Le triomphe posthume aux César possède alors une force presque symbolique. Comme si le cinéma français, en honorant Collard après sa mort, reconnaissait qu’une œuvre pouvait surgir dans l’urgence et bouleverser durablement une société. La scène reste gravée dans les mémoires : l’équipe du film monte sur scène, bouleversée, tandis que l’absence du réalisateur devient la présence la plus forte de la soirée.
Ce qui frappe aujourd’hui, en revoyant Les Nuits fauves, ce n’est pas seulement le sujet. C’est l’intensité. Collard filme comme quelqu’un qui sait que le temps lui est compté. Chaque scène semble habitée par cette conscience aiguë de la fin. Ce qui aurait pu n’être qu’un film générationnel devient un document presque existentiel sur la fragilité de la vie.

Dans l’histoire du cinéma français, l’œuvre de Cyril Collard reste un météore. Une carrière ultra courte, un seul film devenu mythique, et une disparition prématurée qui transforme l’ensemble en légende.
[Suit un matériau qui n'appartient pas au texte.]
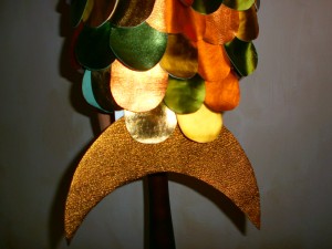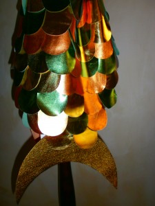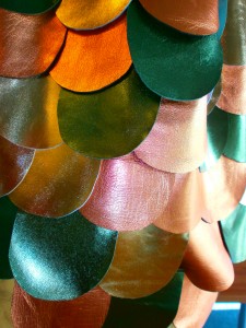 Cacko, skórzana torba w kształcie ryby – błyszczące łuski i płetwa, a głowa koloru zielonego ściągana sznurkiem.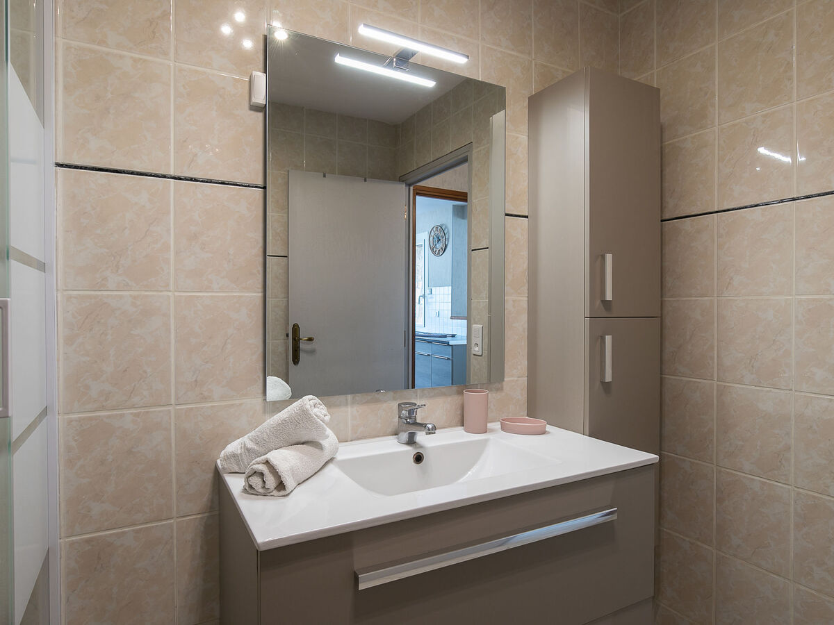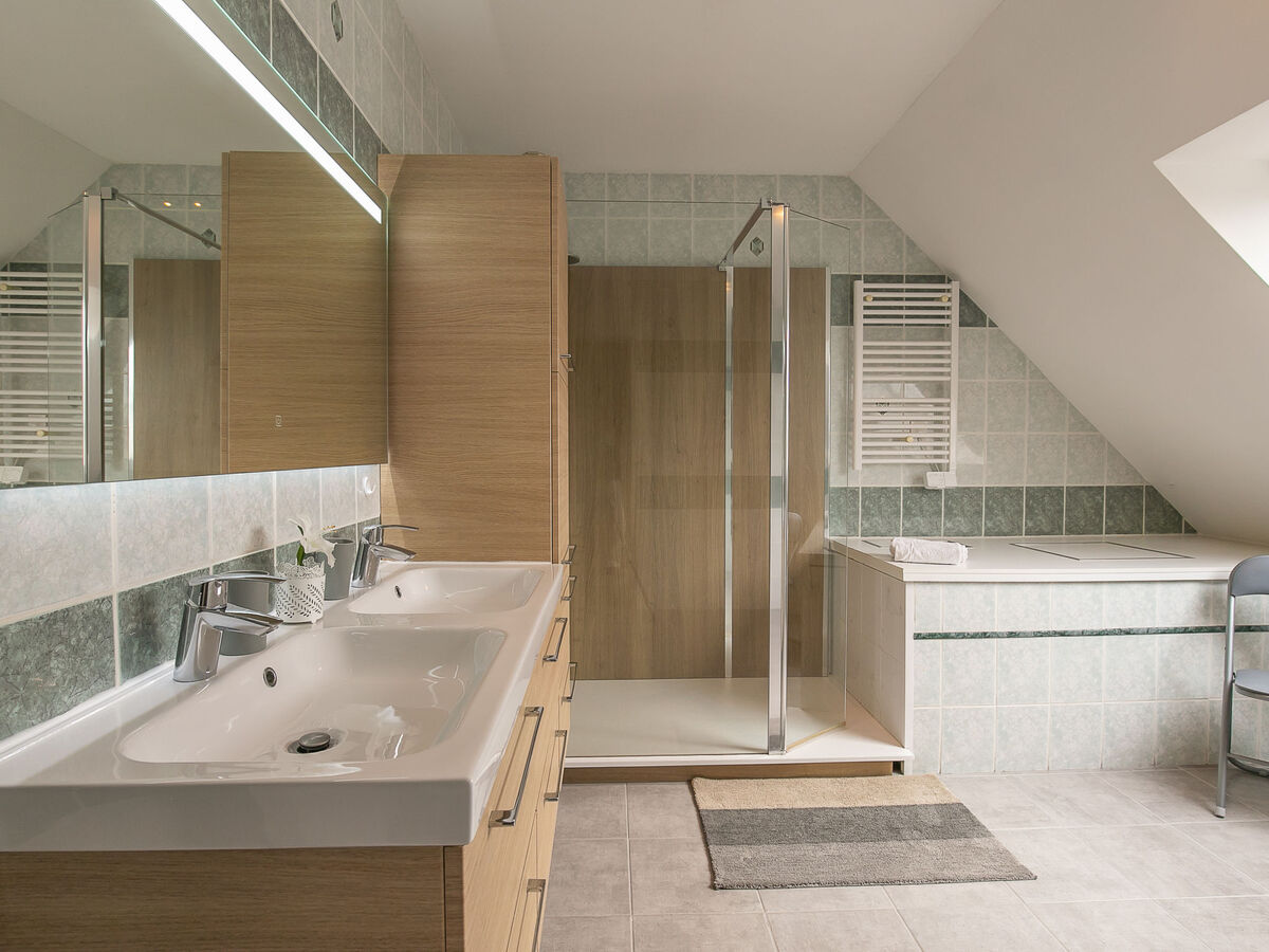 Douche, WC séparé, double vasque.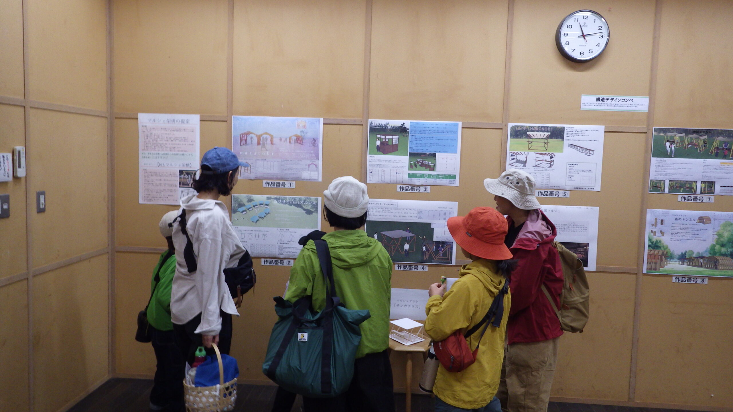 木構造設計(マルシェ構造架構)提案では、各学生の設計提案に関して翔楓祭来場者による設計作品への投票会を行いました。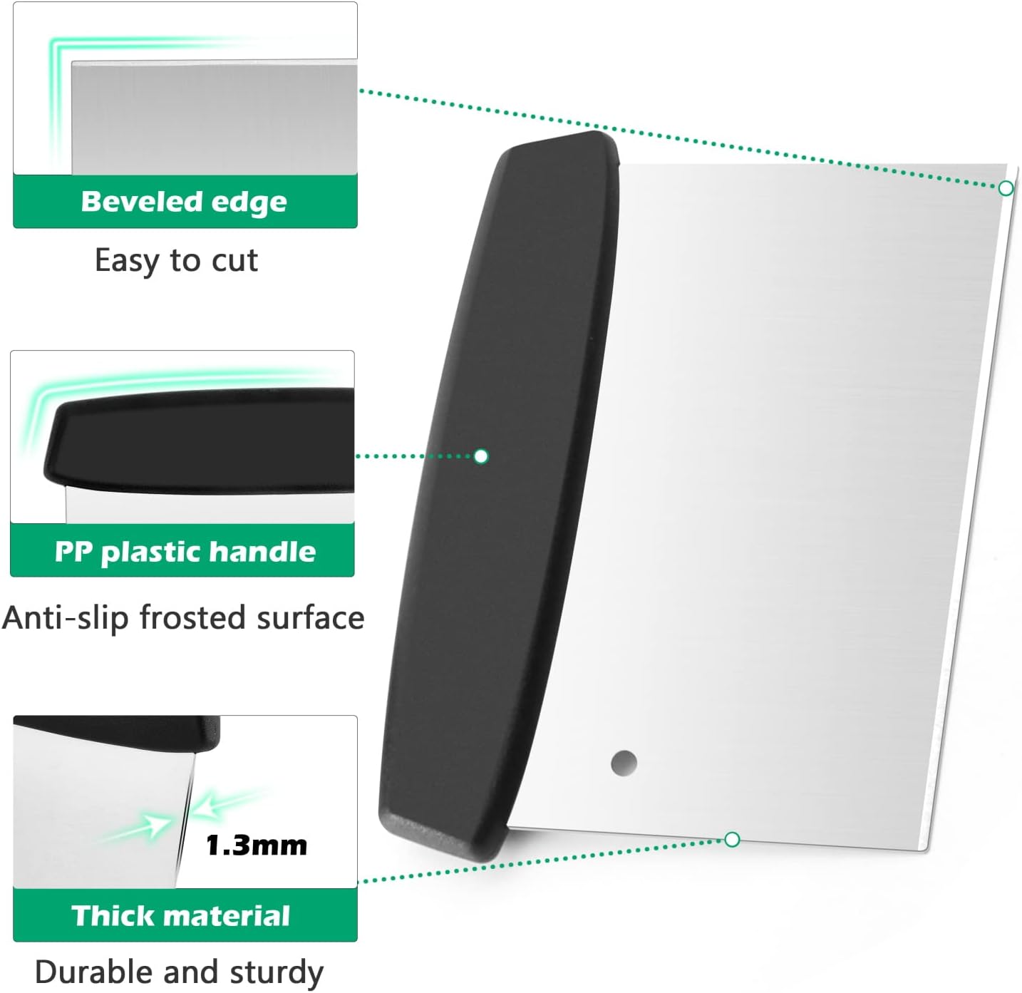 - SUPERIOR SCRAPER SET: Made of high-quality stainless steel and PP plastic, durable and sturdy, 1.3mm thick material, won’t easy to bend or broken, Mirror finished food-grade surface, avoid getting food on the chopper, Dishwasher support, easy to clean, also save time from housework
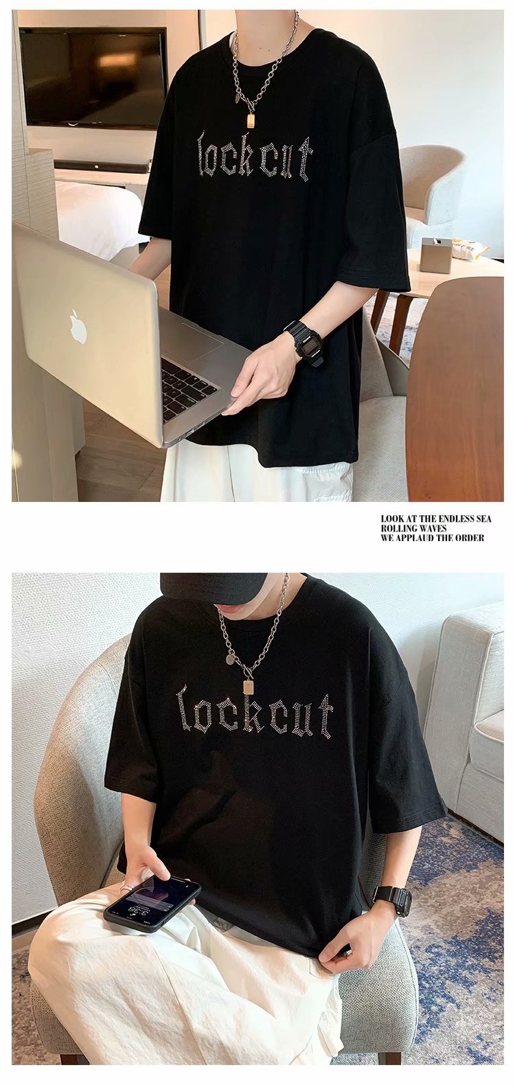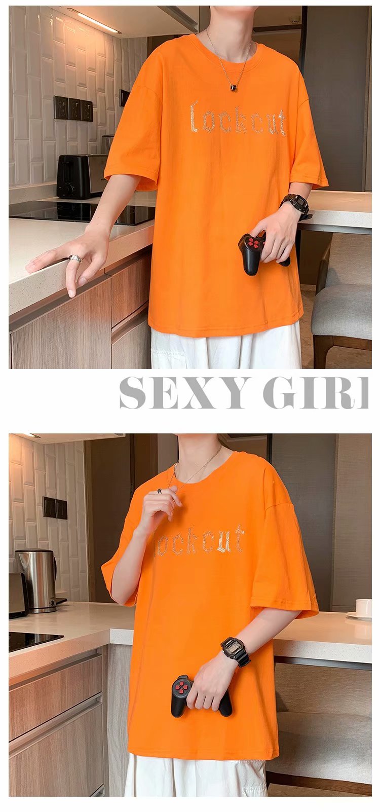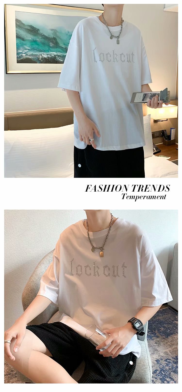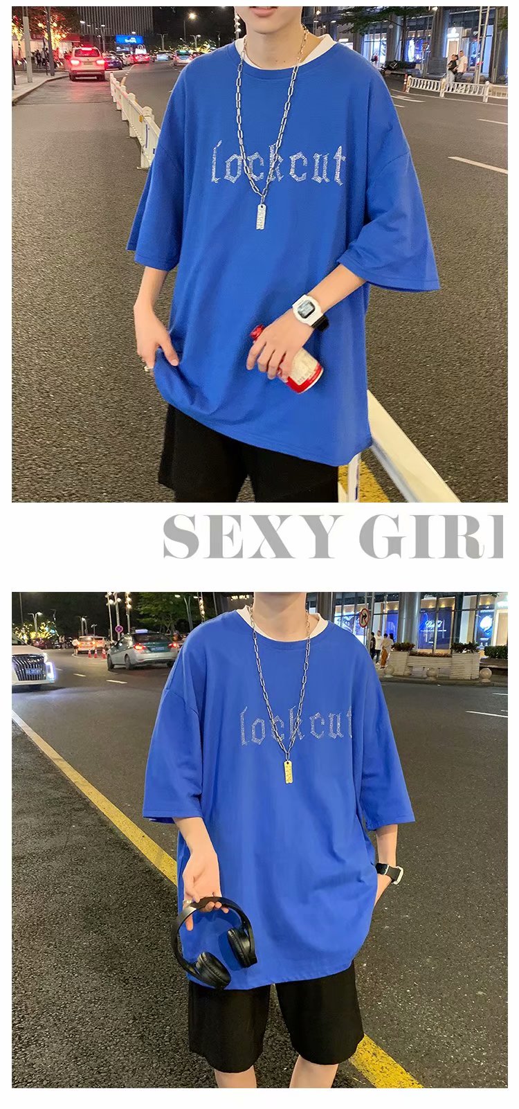 实拍短袖T恤男士国潮夏季潮流宽松港风半袖日系潮牌情侣衣服男装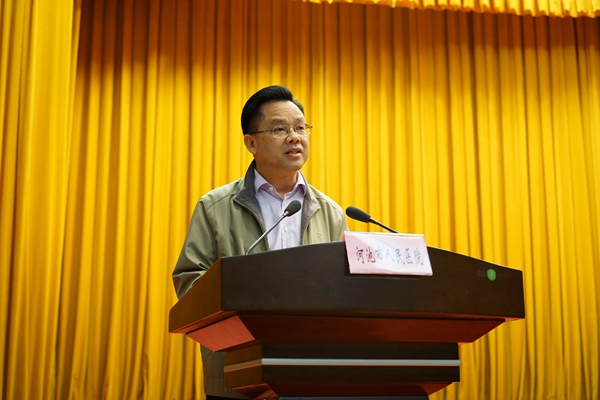 梁涛院长在会上从运行机制、分类施策、合作平台等几个方面系统、全面的介绍了我院医联体建设的先进经验。梁院长表示,面对河池市及周边地区交通不便、高端医疗资源稀缺、基层医疗机构技术薄弱等现实难题,医院着力推进医联体建设,逐渐形成了一条以远程医疗为突破,以互联网为合作纽带,多种医联体模式协调推进的新路子。梁院长介绍,为了满足各级医院的多样化需求,医院重点打造以“一个联盟、两个社区、三个紧密型医联体、四个市级专科联盟”为骨架的医联体框架,用多种医联体模式,解决多层次医疗协作需求,让医改红利惠及更多百姓,助力医改和“健康河池”建设。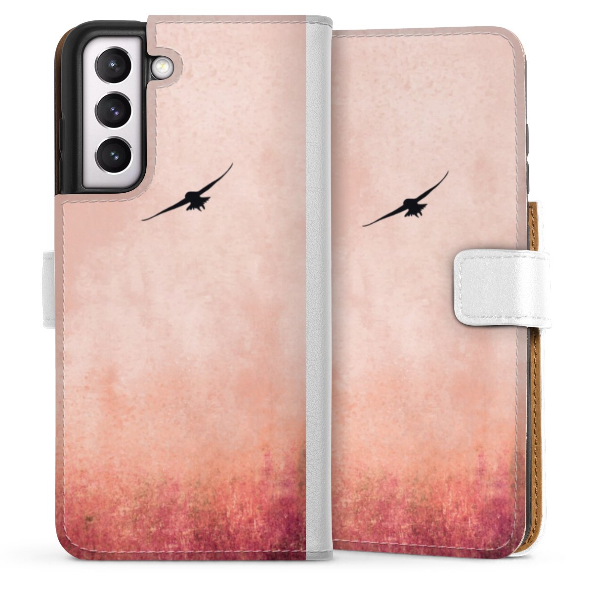 For our Sideflip Case we are using our advanced direct printing technology. The back and frontside are fully printabale, the inside of the phone bag is left unprinted. You can order the phone case without print, printed completely or also with a partial print.

Mais au-delà de la légende, il demeure quelque chose de plus simple et de plus fort : un cri de liberté.

Car au fond, Les Nuits fauves n’est pas seulement un film sur la maladie. C’est un film sur la vie qui brûle, sur le désir de vivre malgré tout, sur la jeunesse qui refuse de s’excuser d’exister. Et peut-être est-ce pour cela que, trente ans plus tard, l’œuvre continue de toucher. Elle nous rappelle que certaines vies, même brèves, éclairent une époque entière.